Sur le sujet de la bientraitance, il y a un chapitre dans notre guide «Explorer les droits de l’enfant placé – 30 cartes d’orientation pour la pratique». Nous sommes heureux de vous présenter ici ce chapitre à titre d'exemple de lecture.

La bientraitance, en tant que conception éducative, est théorisée dans les années 1990, et n’apparaît donc pas formellement dans la CDE, ni dans son manuel d’application[1], même si elle était déjà bien ancrée dans la pratique éducative. Elle fait toutefois écho aux nombreuses dispositions de la CDE qui visent à protéger l’enfant contre toute forme de violence, comme les articles 19, et 32 à 39.

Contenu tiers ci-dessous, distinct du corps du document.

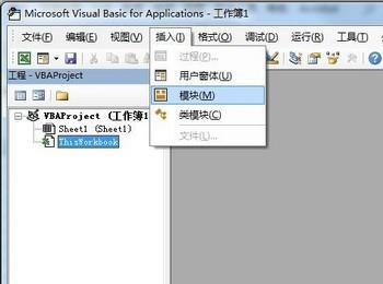 3. 此时我们点击上方功能栏中的插入选项,在下拉窗口中点击“模块”。

Pour tenter d’en cerner le contenu, on peut s’inspirer des axes thématiques choisis par Integras dans le cadre de la définition de sa mission [2]: la notion de «bientraitance» signifie l'instauration, au sein de l’institution, d'un climat stable et motivant, qui favorise l'évolution des enfants, adolescents et jeunes adultes. Elle doit permette de promouvoir et d'entretenir une approche respectueuse, bienveillante et attentive, de garantir un encadrement et un soutien basé sur l'écoute, et d'orienter le travail selon les besoins de l'enfant.

 

guide bientraitance

La recherche de la bientraitance peut se concevoir tant sur le plan individuel (du point de vue du professionnel), qu’institutionnel, au sens des modes de fonctionnement structurels et éducatifs qui façonnent la manière dont la structure d’accueil (ou tout autre service de protection) prend en charge l’enfant dans sa mesure de protection.

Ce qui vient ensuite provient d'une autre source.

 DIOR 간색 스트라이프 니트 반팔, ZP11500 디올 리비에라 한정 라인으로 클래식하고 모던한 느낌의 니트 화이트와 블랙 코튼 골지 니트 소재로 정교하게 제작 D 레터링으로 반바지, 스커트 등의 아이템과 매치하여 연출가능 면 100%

Pour le professionnel, et comme le souligne M. L’Houssni « nos manières de poser les problèmes ne sont pas les seules façons de le régler. Plus nous voulons des solutions pour autrui qui ne tiennent pas compte de sa réalité et de son univers familial, plus nous mettons le système en surchauffe pour aboutir à des pannes. Il convient de se garder de notre morale, pour approcher ce qui est important pour les personnes et leur droit de vivre autrement que selon notre norme »[3]. L’auteur illustre son propos par plusieurs situations où il s’est agi de réfléchir autrement au moyen de répondre au mieux aux besoins de l’enfant, selon sa configuration familiale et sociale. Dans l’une d’elles, la réflexion a ainsi « renvoyé à un impensé ou un point d’aveuglement dans notre pratique professionnelle : pourquoi penser que nécessairement les parents puissent vouloir accueillir leurs enfants ? Le couple conjugal dans cette situation passe avant le couple parental»[4].

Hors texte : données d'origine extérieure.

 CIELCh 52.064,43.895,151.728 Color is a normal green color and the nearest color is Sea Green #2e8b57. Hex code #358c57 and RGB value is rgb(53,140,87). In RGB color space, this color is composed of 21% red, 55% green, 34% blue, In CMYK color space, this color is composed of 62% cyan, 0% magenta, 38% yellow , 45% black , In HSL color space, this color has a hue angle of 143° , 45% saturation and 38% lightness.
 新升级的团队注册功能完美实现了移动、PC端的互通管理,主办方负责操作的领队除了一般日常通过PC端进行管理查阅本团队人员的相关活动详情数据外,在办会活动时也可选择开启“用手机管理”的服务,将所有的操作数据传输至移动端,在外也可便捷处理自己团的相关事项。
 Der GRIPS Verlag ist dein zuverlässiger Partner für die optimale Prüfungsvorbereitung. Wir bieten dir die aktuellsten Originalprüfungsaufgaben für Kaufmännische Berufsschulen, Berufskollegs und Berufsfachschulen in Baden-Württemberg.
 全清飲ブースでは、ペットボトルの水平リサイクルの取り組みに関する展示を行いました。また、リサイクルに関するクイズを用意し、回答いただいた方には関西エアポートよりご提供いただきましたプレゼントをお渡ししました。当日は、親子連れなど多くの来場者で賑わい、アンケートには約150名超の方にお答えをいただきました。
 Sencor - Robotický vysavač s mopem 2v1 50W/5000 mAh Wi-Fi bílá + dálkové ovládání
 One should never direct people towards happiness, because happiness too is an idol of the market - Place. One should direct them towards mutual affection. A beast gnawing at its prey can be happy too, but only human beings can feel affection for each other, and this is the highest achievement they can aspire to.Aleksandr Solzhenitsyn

A l’échelle de l’institution également, il s’agit parfois de sortir du cadre de référence habituel pour imaginer la solution la plus pertinente. Le directeur du Centre pédagogique « Les Billodes » relate par exemple une situation où « l’institution ou la famille ne pouvaient être retenues comme des lieux séparés adaptés aux besoins de l’enfant, alors que la famille et l’institution pourraient se définir comme un lieu de soutien où l’ensemble des partenaires (famille et professionnels) « cohabitent », se complètent, s’entraident ». Il a donc fallu redéfinir « la place, le rôle et l’importance de l’espace d’accueil, ainsi que des personnes concernées ». Cela s’est traduit par le retour des adolescentes dans la famille, et par l’intégration au domicile familial d’une éducatrice. Et le directeur de conclure : « cette réflexion, nous l’avons menée pour prioriser les besoins exprimés de ces deux adolescentes, au détriment d’aspects organisationnels et financiers. Concrétiser la réponse a nécessité des engagements particuliers qui ont bousculé notre quotidien »[5].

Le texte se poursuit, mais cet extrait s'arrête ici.